Pakistan protests after US strike kills four civilians

MIRANSHAH, Pakistan (AFP) — Pakistan lodged a protest with coalition forces in Afghanistan on Thursday after two Pakistani women and two children were killed by US fire from across the border, the army said.

The US-led coalition, which helped to topple Afghanistan's Taliban regime in late 2001, confirmed that it had launched a "precision guided" strike on Pakistani territory but said it targeted a militant compound.

The issue of foreign military intervention in Pakistan is sensitive, with President Pervez Musharraf, a key US ally, saying earlier this year that unauthorised actions would be treated as an invasion.

Chief Pakistani military spokesman Major General Athar Abbas said coalition artillery fire destroyed the victims' house in the troubled tribal region of North Waziristan, an alleged haven for Al-Qaeda and Taliban militants.

"The coalition forces were firing at a group of militants when five shells landed in Pakistan, destroying a house and killing two women and two children," Abbas told AFP.

"We have lodged a very strong protest with the coalition forces across the border," he said.

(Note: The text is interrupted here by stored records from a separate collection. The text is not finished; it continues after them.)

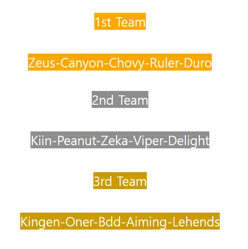 直播吧5月3日讯 近日,LCK常规赛第一轮的比赛已经结束,韩国网友也在其论坛上开启第一轮最佳阵容的投票,目前得票最高的阵容分别是:上单Zeus、打野Canyon、中单Chovy、下路Ruler以及辅助Duro。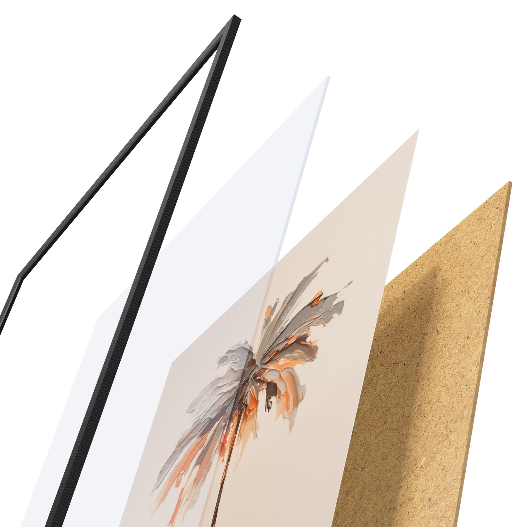 Il poster è composto da cornice, plexiglass, immagine stampata e supporto in truciolato. Il poster può essere immediatamente appeso alla parete grazie ai supporti sul retro.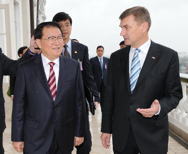 當地時間9月21日,中共中央政治局常委李長春在塔林會見愛沙尼亞總理、改革黨主席安德魯斯·安西普。 新華社記者 馬佔成 攝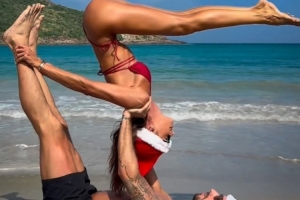 特拉普与未婚妻巴西超模古拉特头戴圣诞帽,在海滩上展示阿克罗瑜伽高难度动作,特拉普社媒晒出视频,配文:“我们的热带圣诞节传统,祝愿你与所爱之人共度美好时光,节日快乐!”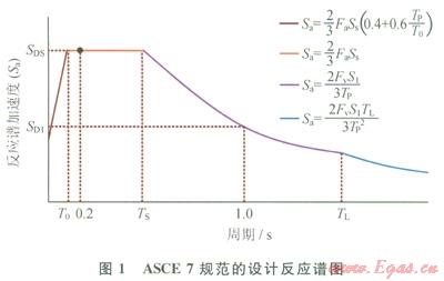 頻譜分析法中頻譜的設(shè)計與取值通常參照美國土木工程師學(xué)會ASCE 705《建筑物和其他結(jié)構(gòu)的最低設(shè)計載荷規(guī)范》(Minimum Design Loads for Buildings and Other Structures)[14],相對我國的GB 50011《建筑抗震設(shè)計規(guī)范》其取值較為保守[]15]。圖1ASCE 7規(guī)范的設(shè)計反應(yīng)譜示意圖,它的周期區(qū)間分為4個,不同的區(qū)間所對應(yīng)的反應(yīng)譜加速度計算公式不同(1中列出),其中,SDSSD1用于選擇抗震設(shè)計類別和分析方法。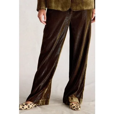 White Stuff Belle Wide Leg Velvet Trouser Dark Chartreuse Prijzen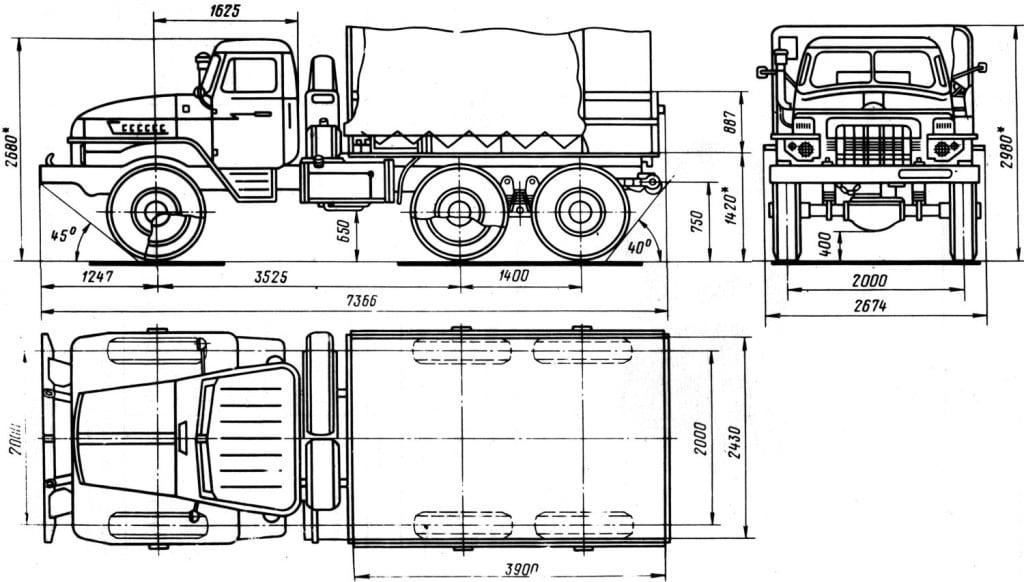 - Длина: 7,350 м; Ширина: 2,690 м; Высота, без груза: 2,680 м (по кабине), 2980 м (по тенту).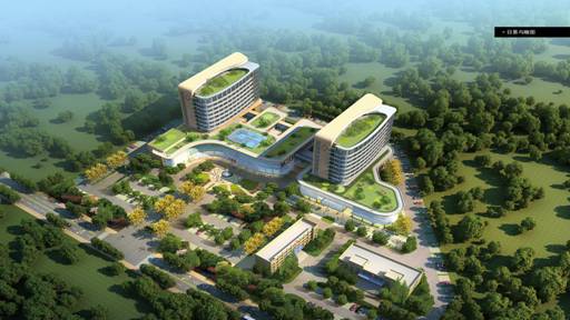 在方案設計上,該項目造型力求簡潔、大方、新穎,整個建筑具有現(xiàn)代化醫(yī)院的特色。建筑整體色彩以素色為主,并在此基礎上配以淺色色調,既體現(xiàn)了醫(yī)院建筑潔凈、安寧的特性,又給患者營造了一種溫暖和被關懷的感受。建筑室內結合生態(tài)醫(yī)院的主題,設計從心理角度出發(fā),室內運用幾何圖塊、色彩拼裝等手法,賦予醫(yī)院以綠色生命力和清新典雅的元素。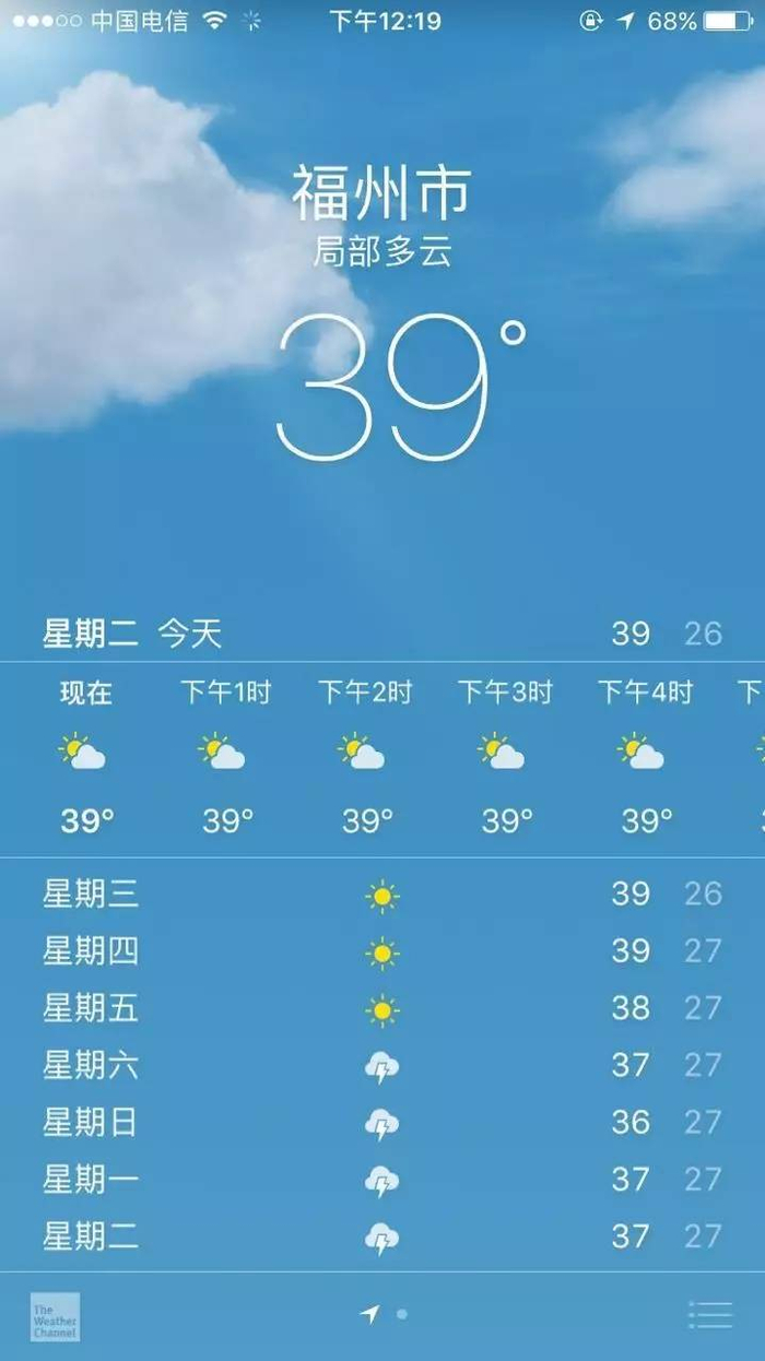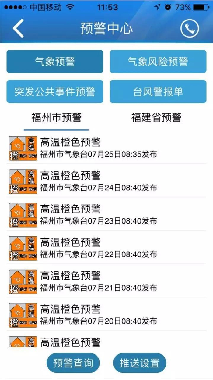 家住福州市鼓楼区安泰街道的刘女士说,打开“知天气”APP就收到由福州市气象台发布的高温橙色预警信号,根据“知天气”的逐时预报,她获悉安泰街道未来两小时温度仍超过36℃,于是她做好充分的防暑防晒工作后才出门。

Local officials said the house in the town of Lwara Mundi, a hotbed of militancy on the frontier where there have been frequent clashes between security forces and militants, belonged to a local tribesman.

In Kabul, a spokesman for the US-led coalition said it could not comment directly on the Pakistani account but confirmed it had launched a strike on the other side of the porous 1,500-mile (2,500-kilometre) frontier.

"We can confirm a precision-guided ammunition strike on March 12 on a compound connected with Haqqani network 1.5 kilometres (about a mile) across the border in Pakistan," coalition spokesman Major Chris Belcher told AFP.

The Haqqani network refers to Islamist militants led by Taliban commander Sirajuddin Haqqani, who is allegedly based in Miranshah, the main town in North Waziristan.

"I do not have any information on any casualties that may have occurred," the spokesman said.

Belcher said that, "The information I have is that the government of Pakistan was notified immediately following the strike.

"It is not the first time that they (coalition forces) have had to respond to an imminent threat across the border in Pakistan. Every time we do, we clear that with Pakistani authorities."

Several previous missile strikes in the region have been attributed to the United States, including one that killed senior Al-Qaeda commander Abu Laith al-Libi in North Waziristan in January.

The border between the two countries has been wracked by fighting since US-led forces invaded Afghanistan in late 2001 to oust the hardline Taliban regime following the September 11 attacks on the United States.

Separately on Thursday, more than 1,000 tribesmen protested against the killing of eight civilians by Pakistani forces this week in the lawless Bajaur tribal region, witnesses said.

"There will be a popular uprising if the security forces do not stop killing innocent people," hardline Jamaat-e-Islami party leader Haroon-ur Rasheed told the gathering as tribesmen chanted, "Stop being stooges of the US army."